Is THAT the Best You’ve Got??

A student comes to college, and needs to meet their general education requirement.  One of those is in mathematics, and this student actually has some options:

  • College Algebra (called pre-calculus at their college)
  • Introductory Statistics
  • Quantitative Reasoning

Being a typical student, this student wants to avoid the college algebra course; they thought about being an engineer but are too frightened of mathematics.  The next choice would be statistics, because everybody seems to think it is the best choice.

In looking in to the course, the student discovers that the statistics course has some nice features.  Most of the material is taught by first looking at data from the world around us, and the description says that the quantitative work is somewhat limited.  The student becomes worried when they look at the content in the text materials used — it’s got words used in a weird way (normal, deviation, inference, significance); it’s like statistics is a foreign language without any visible culture, so the student feels like much of it is arbitrary.

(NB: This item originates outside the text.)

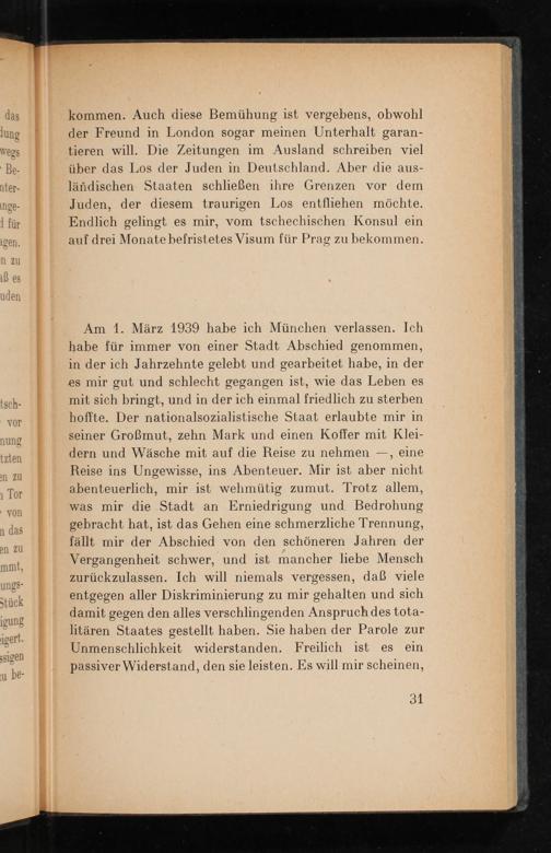 kommen. Auch diese Bemühung ist vergebens, obwohl der Freund in London sogar meinen Unterhalt garan- tieren will. Die Zeitungen im Ausland schreiben viel über das Los der Juden in Deutschland . Aber die aus- ländischen Staaten schließen ihre Grenzen vor dem Juden, der diesem traurigen Los entfliehen möchte. Endlich gelingt es mir, vom tschechischen Konsul ein auf drei Monate befristetes Visum für Prag zu bekommen.

So, the student tries to find out what “Quantitative Reasoning” means.  The course description talks about voting, networks & paths, logic, and ‘proportionality’ (whatever that is).  Like the statistics course, it looks like the material often involves data from the world around us; however, it’s not clear how much quantitative work is actually involved.  The student is not too worried about any particular topic or phrase in the content descriptions; however, the course does not seem to have any pattern to the topics … it looks like an author’s 15 favorite lessons.

The student thinks about the basic question:

Will any of these courses help me in college courses, in my work, or in my life in general?

Basically, this student will reach the conclusion that none of these three courses will be that helpful.  As a mathematician, I would summarize the basic problem this way:

  • The college algebra course and the statistics course focus on a narrow range of mathematics.
  • This quantitative reasoning course does not focus on any particular mathematics.

There is a mythology, a story repeated so often that we believe it, that statistics is a better pathway for most students.  The rationale is something like “our world is dense with data and decision making” or “making decisions in a world of uncertainty”.  I see a basic problem, that remains in spite of what has been written: statistics is an occupational science, with few broad properties or theories.  Statistics is about getting helpful results, and for statisticians, this is great.  How does it help students when we use “n”, “n – 1″, and “n + 4″ for calculations involving sample sizes; the ‘plus 4 rule’ is a typical statistical method for producing the results we want — even when there is no mathematical property to justify the practice.  [In a field like topology, we don't let inconsistent procedures survive.]  I think we also over-estimate the value of statistics in occupations; there are limited uses in  other college courses, and some nice uses for life in general (for those motivated).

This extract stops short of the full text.